Flourishing river bank area envisioned
Schoeneman's exit provides opportunity
Peter Harriman •
pharrima@argusleader.com • February 13, 2009
Plans were unveiled Thursday for a riverside development with a 100-room hotel, a restaurant and bar with outdoor seating, underground parking and retail, office and residential space on six acres between Eighth and 10th streets on the east bank of the Big Sioux River.
Drawings showing a preliminary concept for the project, on the site where Schoeneman's Lumber has been since 1912, were displayed during the annual meeting of Downtown Sioux Falls.
Before it becomes real, though, Al Schoeneman expects another three to five years to pass. "There are a lot of things to pull together before we start construction," he said.
The lumber yard will be out by August, however, as Schoeneman relocates it to a home center he is building in Harrisburg. Some of the existing sheds will be torn down then, and before it becomes anything else the site will become a construction equipment and supply staging area for a planned expansion of the First National Bank at 100 S. Phillips Ave., Schoeneman said.
Seeing the prime river-view land reborn as the kind of vibrant development depicted at the meeting is a fond hope for some with a stake in downtown.
Jeff Scherschligt inaugurated the long-planned redevelopment of the east bank when he built Cherapa Place, a 140,000-square-foot office complex north of Eighth Street, where the Zip Feed mill formerly stood.
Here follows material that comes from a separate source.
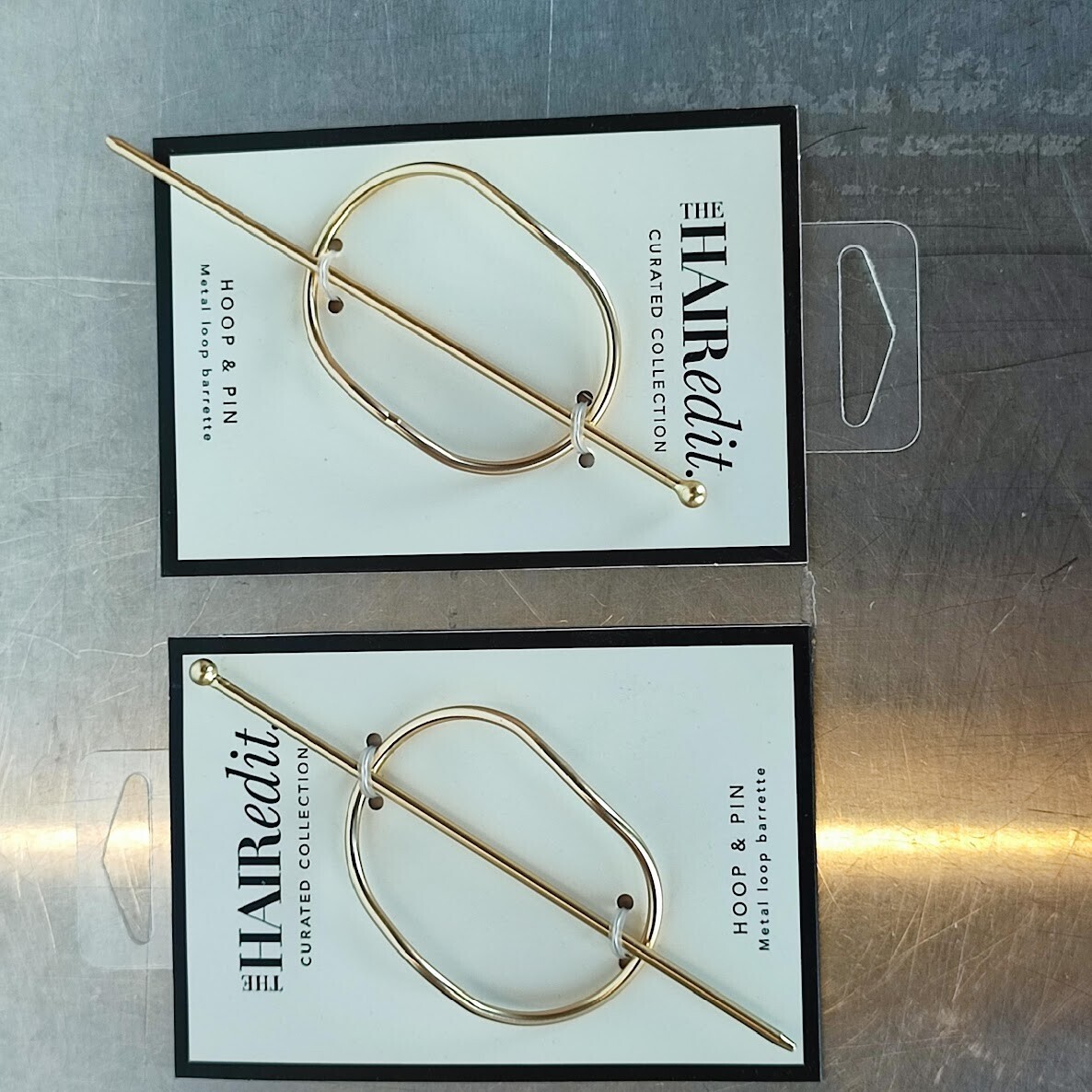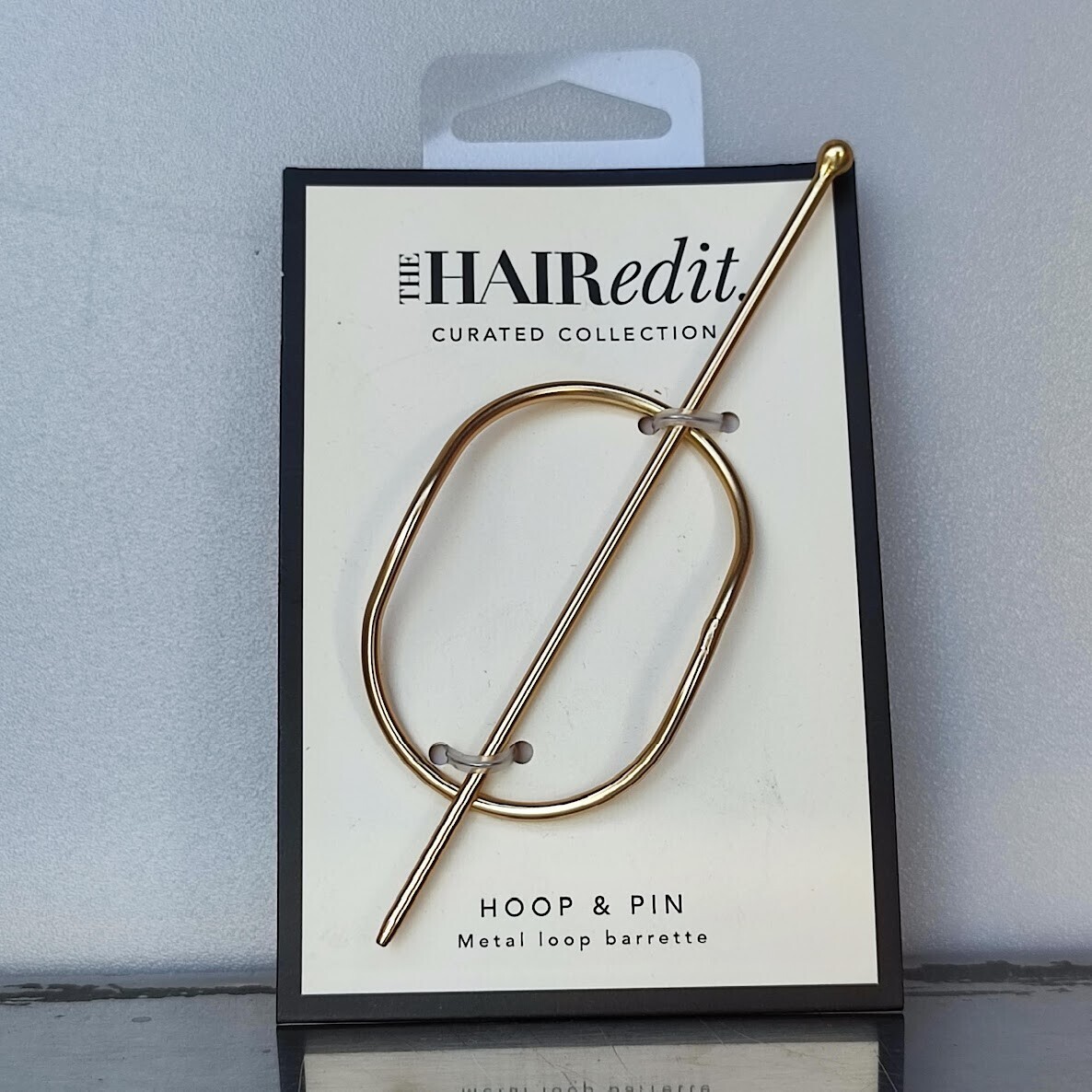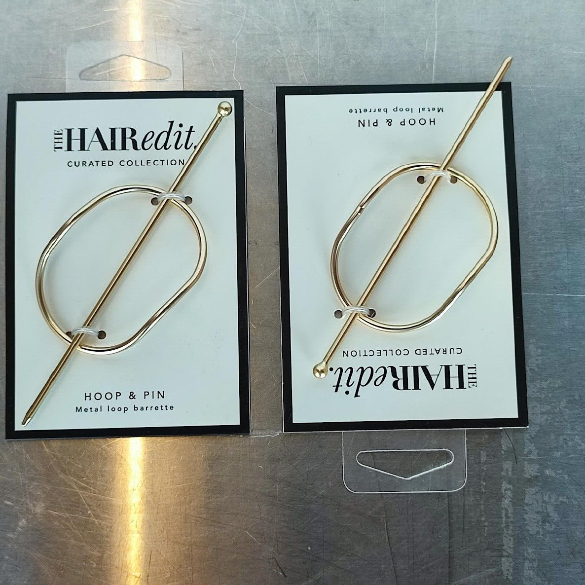 The hair slide is back and better than ever! The Hair Edit's beautiful two piece Hoop Pin gold metal loop barrette lends a sophisticated detail to your half-up or updo hairstyle. The sleek modern design is the ultimate finishing touch to both casual or dressy outfits and everything in between.

Development at the Schoeneman site would be the next jewel in a necklace of new businesses and amenities along the river, and "it shows 'build it and they will come.' It creates excitement," he said.
"If the economy was more robust, you would see it happen quicker," he adds. "But the city could hurry it up just by building an event center downtown. Then this would all happen quickly."
City Council member Greg Jamison said he's mindful of the spirited debate on where to build events and convention facilities, but he acknowledges "there's a lot of value to putting it downtown.
"Wherever it goes, though, downtown or at the Arena, I would love to cut the ribbon on it as soon as we can. It's a huge economic engine we're missing out on."
Perspective Inc. helped develop the concept and did the drawings of what could be done with the Schoeneman site. But Keith Neuharth of RSArchitects and a member of the DTSF design assistance committee, eyed them with interest.
"Everyone would like it to happen soon," he said.
Tasteful development at Schoeneman's would leave a positive first impression on people coming downtown from the east, Neuharth said.
"The goal is to have all these developments tie together and link them with certain design elements into a cohesive whole so when we're finished, everything looks designed together," he said of the grand scheme for the river bank between downtown and Falls Park.
Where Scherschligt sees a new events center as the catalyst to spur development, new Downtown Sioux Falls President Larry Rehfeld said demolition will kick it off.
"A huge issue is that river ramp," the parking structure spanning the Big Sioux south of Eighth Street. "It's a huge impediment to development," he said.
There is an ongoing effort to find a new site for the 500 people who park in the big white facility. That will have to be completed before the aging ramp can be removed. "We put quite a bit of money into it five years ago and more money this year," Rehfeld said. Still, the building's structural integrity is declining.
"It's about outlived its usefulness," he said.
Rehfeld is pleased with the Schoeneman redevelopment concept. Nothing is set in stone, though, Schoeneman said. Efforts are ongoing to attract a hotel; Schoeneman said he hasn't even begun to work on financing; and if a compelling case is made for alternative development, such as devoting the entire site to new office space, the concept displayed Thursday could be changed.
Whatever happens, the site, probably will be a focal point for continued development along the east bank, Neuharth said.